ASSIGNMENT ▸ The line with "Es ist so wunderbar, wieder" marks the first line to copy, and the line with "FWICE-এর প্রধান উপদেষ্টা" marks the last. Transcribe that stretch of the data below exactly, without pictures.

SOURCE INFORMATION ▸
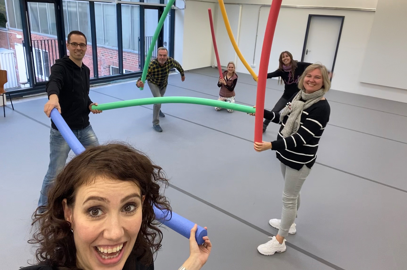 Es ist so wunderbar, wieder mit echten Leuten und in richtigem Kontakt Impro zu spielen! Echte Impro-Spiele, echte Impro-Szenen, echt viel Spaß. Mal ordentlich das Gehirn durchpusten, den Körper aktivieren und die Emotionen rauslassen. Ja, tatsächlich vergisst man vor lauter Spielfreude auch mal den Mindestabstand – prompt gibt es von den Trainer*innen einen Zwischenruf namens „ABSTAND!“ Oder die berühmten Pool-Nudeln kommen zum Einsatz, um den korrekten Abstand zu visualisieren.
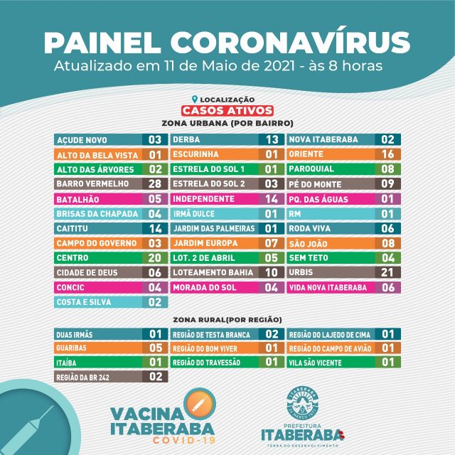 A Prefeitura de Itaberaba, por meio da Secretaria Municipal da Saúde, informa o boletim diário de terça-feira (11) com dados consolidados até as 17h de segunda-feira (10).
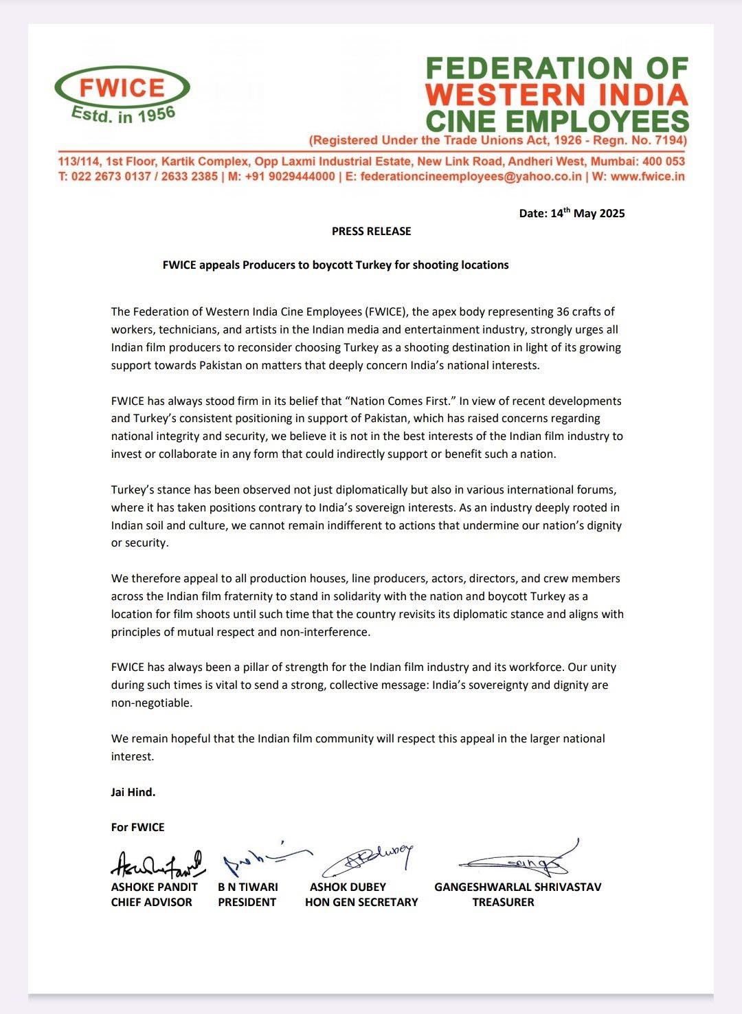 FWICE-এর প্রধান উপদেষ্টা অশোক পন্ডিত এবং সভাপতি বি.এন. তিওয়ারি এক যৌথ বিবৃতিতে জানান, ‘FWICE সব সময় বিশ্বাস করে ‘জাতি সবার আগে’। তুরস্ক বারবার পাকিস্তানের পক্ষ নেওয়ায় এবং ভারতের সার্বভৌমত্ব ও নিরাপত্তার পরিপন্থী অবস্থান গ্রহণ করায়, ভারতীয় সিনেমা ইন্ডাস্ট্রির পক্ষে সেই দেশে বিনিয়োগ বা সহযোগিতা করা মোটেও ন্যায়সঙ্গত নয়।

---

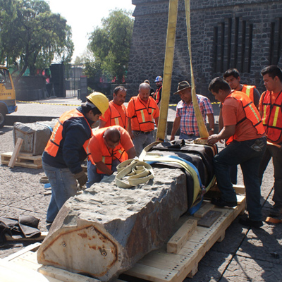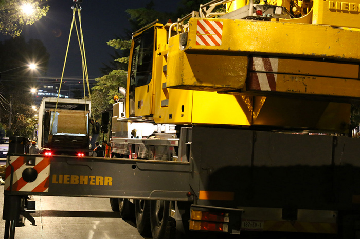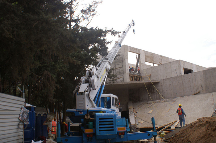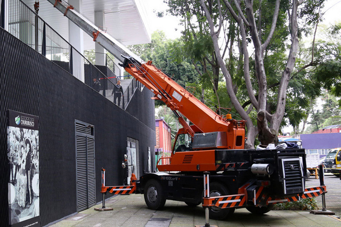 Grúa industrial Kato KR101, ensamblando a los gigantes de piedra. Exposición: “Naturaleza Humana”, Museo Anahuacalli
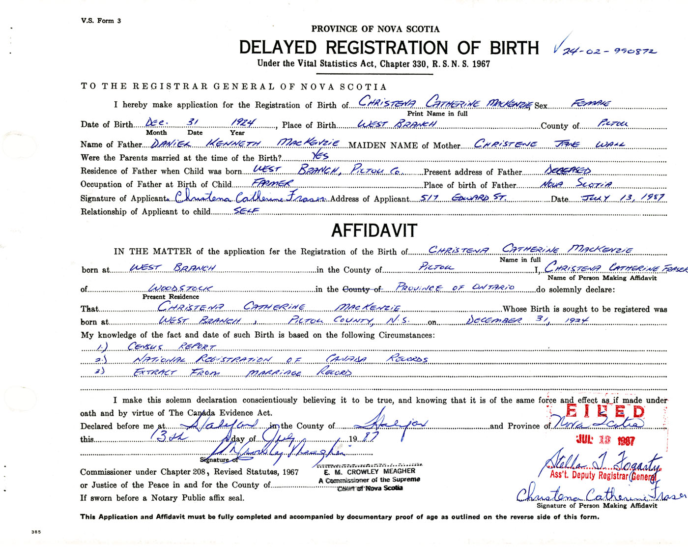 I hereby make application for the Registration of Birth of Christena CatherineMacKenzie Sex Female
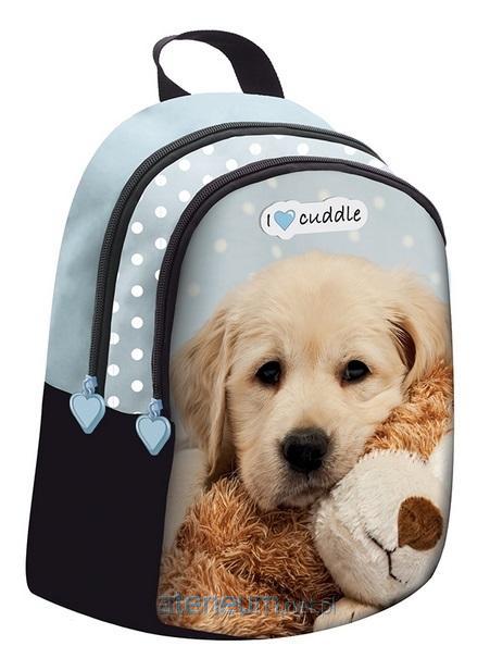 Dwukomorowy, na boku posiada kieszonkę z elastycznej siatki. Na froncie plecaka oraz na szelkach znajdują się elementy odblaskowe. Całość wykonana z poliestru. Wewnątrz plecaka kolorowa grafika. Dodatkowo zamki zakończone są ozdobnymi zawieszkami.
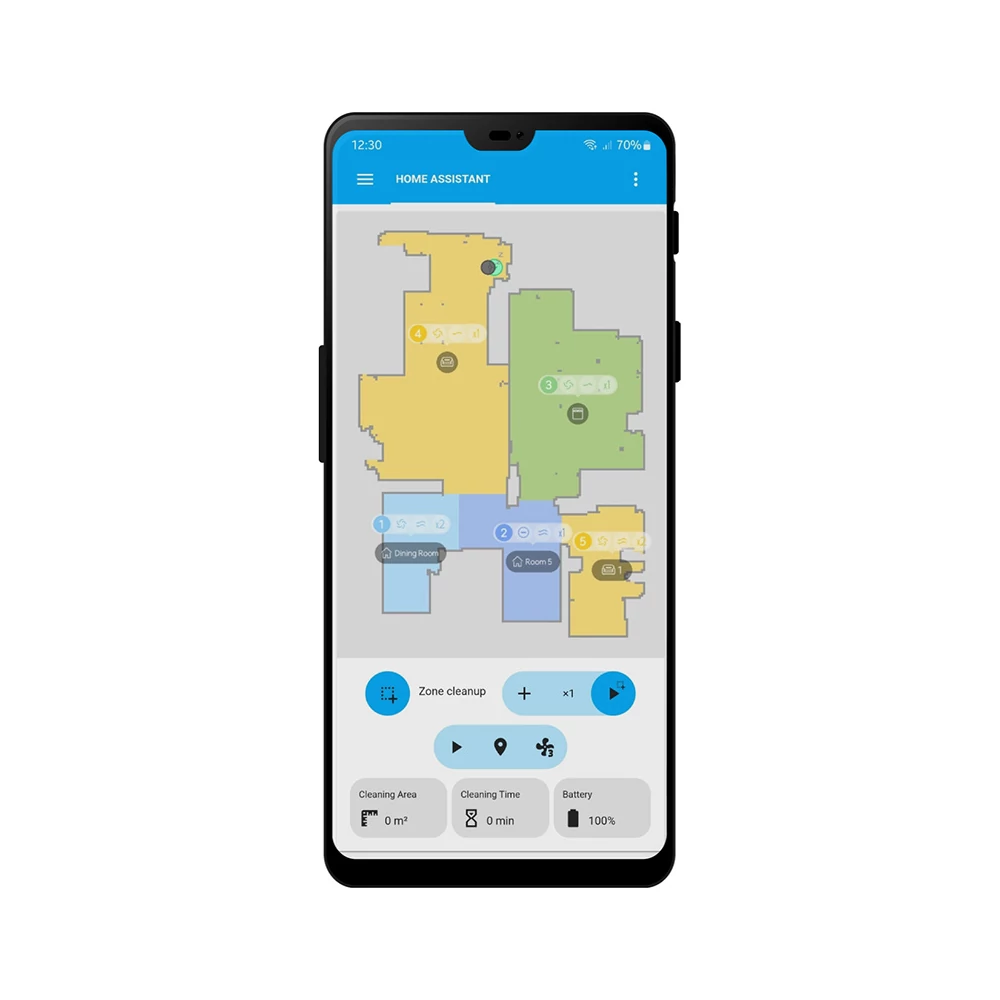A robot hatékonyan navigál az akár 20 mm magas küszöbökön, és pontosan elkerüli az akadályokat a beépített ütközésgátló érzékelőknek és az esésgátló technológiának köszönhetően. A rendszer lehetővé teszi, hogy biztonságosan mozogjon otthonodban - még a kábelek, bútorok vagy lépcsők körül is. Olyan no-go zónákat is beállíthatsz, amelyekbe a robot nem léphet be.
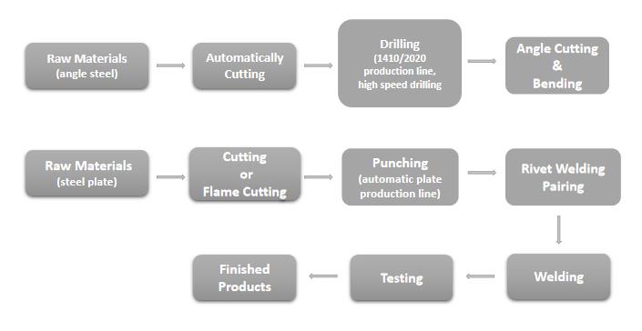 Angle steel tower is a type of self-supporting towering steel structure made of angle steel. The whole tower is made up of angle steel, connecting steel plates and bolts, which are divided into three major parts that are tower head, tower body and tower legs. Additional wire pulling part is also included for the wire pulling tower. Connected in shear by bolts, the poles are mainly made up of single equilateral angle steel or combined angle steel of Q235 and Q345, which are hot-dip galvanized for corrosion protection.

* * *

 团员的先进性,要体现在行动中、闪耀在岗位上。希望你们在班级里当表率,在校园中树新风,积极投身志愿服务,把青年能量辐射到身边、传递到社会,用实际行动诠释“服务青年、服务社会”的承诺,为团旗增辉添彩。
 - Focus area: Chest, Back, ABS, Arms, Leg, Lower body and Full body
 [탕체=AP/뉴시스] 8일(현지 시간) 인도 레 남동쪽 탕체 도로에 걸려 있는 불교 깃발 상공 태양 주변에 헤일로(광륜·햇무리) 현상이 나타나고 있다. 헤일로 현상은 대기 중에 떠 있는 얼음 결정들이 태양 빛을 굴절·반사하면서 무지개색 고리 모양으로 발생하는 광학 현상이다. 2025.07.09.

EXERCISE OUTPUT ▸
 Es ist so wunderbar, wieder mit echten Leuten und in richtigem Kontakt Impro zu spielen! Echte Impro-Spiele, echte Impro-Szenen, echt viel Spaß. Mal ordentlich das Gehirn durchpusten, den Körper aktivieren und die Emotionen rauslassen. Ja, tatsächlich vergisst man vor lauter Spielfreude auch mal den Mindestabstand – prompt gibt es von den Trainer*innen einen Zwischenruf namens „ABSTAND!“ Oder die berühmten Pool-Nudeln kommen zum Einsatz, um den korrekten Abstand zu visualisieren.
 A Prefeitura de Itaberaba, por meio da Secretaria Municipal da Saúde, informa o boletim diário de terça-feira (11) com dados consolidados até as 17h de segunda-feira (10).
 FWICE-এর প্রধান উপদেষ্টা অশোক পন্ডিত এবং সভাপতি বি.এন. তিওয়ারি এক যৌথ বিবৃতিতে জানান, ‘FWICE সব সময় বিশ্বাস করে ‘জাতি সবার আগে’। তুরস্ক বারবার পাকিস্তানের পক্ষ নেওয়ায় এবং ভারতের সার্বভৌমত্ব ও নিরাপত্তার পরিপন্থী অবস্থান গ্রহণ করায়, ভারতীয় সিনেমা ইন্ডাস্ট্রির পক্ষে সেই দেশে বিনিয়োগ বা সহযোগিতা করা মোটেও ন্যায়সঙ্গত নয়।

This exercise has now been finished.